2. Whether there was a transfer of asset under the development agreement.
3. Validity of reopening the assessment under section 147 of the Income Tax Act.
4. Applicability of the decision in the case of M/s. Kohinoor Hatcheries Pvt. Ltd. to the present case.

Detailed Analysis:

1. Whether the Impugned Lands are Capital Assets
The Revenue contended that the lands in question were capital assets. The CIT(A) held that the lands were agricultural and not capital assets based on the decision of the Hon'ble Jurisdictional High Court in W.P.No. 2148/2015 concerning M/s. Kohinoor Hatcheries Pvt. Ltd. The High Court had previously determined that the lands were agricultural, and this finding was upheld by the CIT(A). The Tribunal agreed with the CIT(A), noting that the lands were beyond 40 km from the Municipal Corporation and had been used for agricultural purposes, thus not qualifying as capital assets under Section 2(14) of the Act.

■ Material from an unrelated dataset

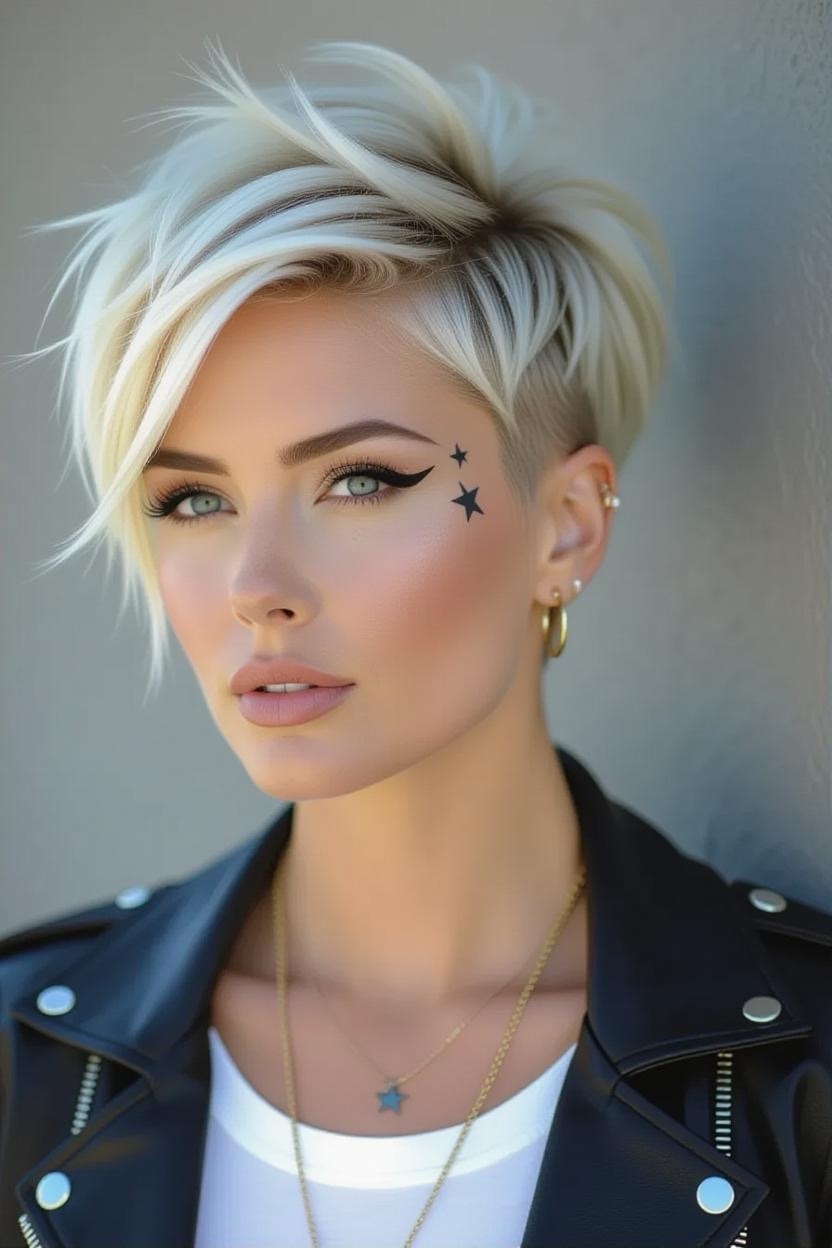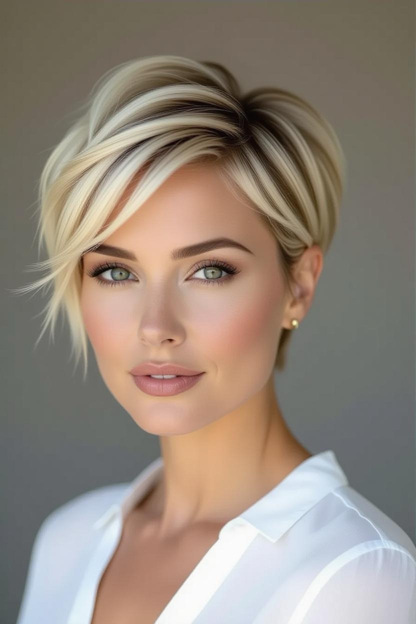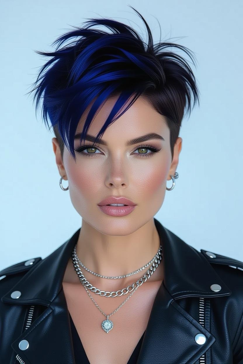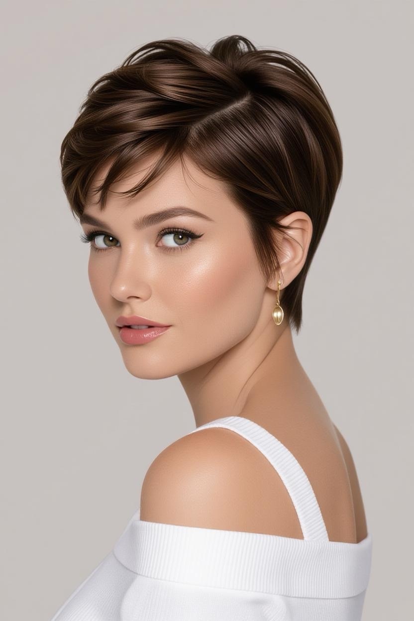 Bold and fierce, shaved sides give your pixie an instant rocker vibe. The thick top contrasts beautifully with sleek sides, creating a dramatic yet stylish look.

2. Whether There Was a Transfer of Asset Under the Development Agreement
The Assessing Officer (AO) argued that the development agreement constituted a transfer of capital asset, thereby attracting capital gains tax. The CIT(A) and the Tribunal found that the possession of the land had not been handed over to the developer, and no developmental activities had been carried out due to a slump in the real estate market. The Tribunal emphasized that merely entering into a development agreement does not constitute a transfer unless possession is handed over and developmental activities commence. The Tribunal relied on various case laws, including the decision of the Hyderabad Bench in ACIT Vs. R. Srinivasa Rao, which held that without the developer performing its part of the contract, there cannot be a transfer under Section 2(47)(v) read with Section 53A of the Transfer of Property Act.

3. Validity of Reopening the Assessment Under Section 147
The AO reopened the assessment on the grounds that income chargeable to tax had escaped assessment. The CIT(A) upheld the reopening, stating that the AO had tangible material to believe that income had escaped assessment. The Tribunal affirmed this view, noting that the reopening was valid as the AO had discovered new information during the assessment proceedings of M/s. Kohinoor Hatcheries Pvt. Ltd.

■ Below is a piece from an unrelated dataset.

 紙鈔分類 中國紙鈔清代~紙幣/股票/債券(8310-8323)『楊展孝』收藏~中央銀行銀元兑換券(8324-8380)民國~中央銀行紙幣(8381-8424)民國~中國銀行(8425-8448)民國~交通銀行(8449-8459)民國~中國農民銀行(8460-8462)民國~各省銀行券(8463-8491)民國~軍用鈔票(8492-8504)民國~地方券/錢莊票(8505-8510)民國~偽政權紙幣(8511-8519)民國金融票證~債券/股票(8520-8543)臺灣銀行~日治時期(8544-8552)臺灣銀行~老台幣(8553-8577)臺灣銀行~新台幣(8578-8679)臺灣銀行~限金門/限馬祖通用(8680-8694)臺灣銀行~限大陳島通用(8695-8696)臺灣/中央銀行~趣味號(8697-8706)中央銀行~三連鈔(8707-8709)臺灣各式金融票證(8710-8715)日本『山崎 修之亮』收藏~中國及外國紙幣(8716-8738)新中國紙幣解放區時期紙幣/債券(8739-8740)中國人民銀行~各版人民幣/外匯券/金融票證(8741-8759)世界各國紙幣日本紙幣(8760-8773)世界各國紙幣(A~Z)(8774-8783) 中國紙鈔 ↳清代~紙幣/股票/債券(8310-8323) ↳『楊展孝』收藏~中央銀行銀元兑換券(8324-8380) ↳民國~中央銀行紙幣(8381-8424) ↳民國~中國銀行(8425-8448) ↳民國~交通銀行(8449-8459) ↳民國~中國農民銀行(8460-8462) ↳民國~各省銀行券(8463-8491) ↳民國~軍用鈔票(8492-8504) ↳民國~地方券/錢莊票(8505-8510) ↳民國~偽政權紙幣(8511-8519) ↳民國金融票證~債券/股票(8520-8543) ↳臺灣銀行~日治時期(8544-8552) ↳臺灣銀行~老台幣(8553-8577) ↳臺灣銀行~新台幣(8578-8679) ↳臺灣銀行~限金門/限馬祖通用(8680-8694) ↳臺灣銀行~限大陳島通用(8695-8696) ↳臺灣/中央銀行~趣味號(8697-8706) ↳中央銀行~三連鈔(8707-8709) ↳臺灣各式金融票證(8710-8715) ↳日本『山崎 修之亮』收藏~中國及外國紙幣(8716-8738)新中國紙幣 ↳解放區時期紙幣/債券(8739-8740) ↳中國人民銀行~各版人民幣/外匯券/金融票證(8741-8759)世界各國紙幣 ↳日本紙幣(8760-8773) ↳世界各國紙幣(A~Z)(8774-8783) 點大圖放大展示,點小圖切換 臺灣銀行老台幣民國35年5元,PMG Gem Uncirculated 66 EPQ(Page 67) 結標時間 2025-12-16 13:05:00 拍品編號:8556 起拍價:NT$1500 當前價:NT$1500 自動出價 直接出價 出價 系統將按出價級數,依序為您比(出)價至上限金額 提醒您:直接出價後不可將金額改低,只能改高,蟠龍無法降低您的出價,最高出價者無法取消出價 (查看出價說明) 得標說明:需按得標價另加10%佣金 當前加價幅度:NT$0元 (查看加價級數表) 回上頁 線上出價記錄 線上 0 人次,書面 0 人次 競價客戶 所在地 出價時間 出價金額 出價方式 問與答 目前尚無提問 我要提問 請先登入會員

4. Applicability of the Decision in the Case of M/s. Kohinoor Hatcheries Pvt. Ltd. to the Present Case
The Revenue argued that the CIT(A) erred in applying the decision of the Hon'ble High Court in the case of M/s. Kohinoor Hatcheries Pvt. Ltd. The Tribunal found that the CIT(A) correctly applied the decision, as the facts of the present case were similar. The Tribunal noted that the High Court had already determined the nature of the land as agricultural, which was relevant to the present case.

Conclusion:
The Tribunal dismissed the appeals filed by the Revenue and upheld the CIT(A)'s order, concluding that the lands in question were not capital assets and that no transfer of asset had occurred under the development agreement. The reopening of the assessment under Section 147 was deemed valid, and the decision in the case of M/s. Kohinoor Hatcheries Pvt. Ltd. was found applicable to the present case. The cross-objection filed by the assessee was also dismissed as it was merely supportive of the CIT(A)'s order.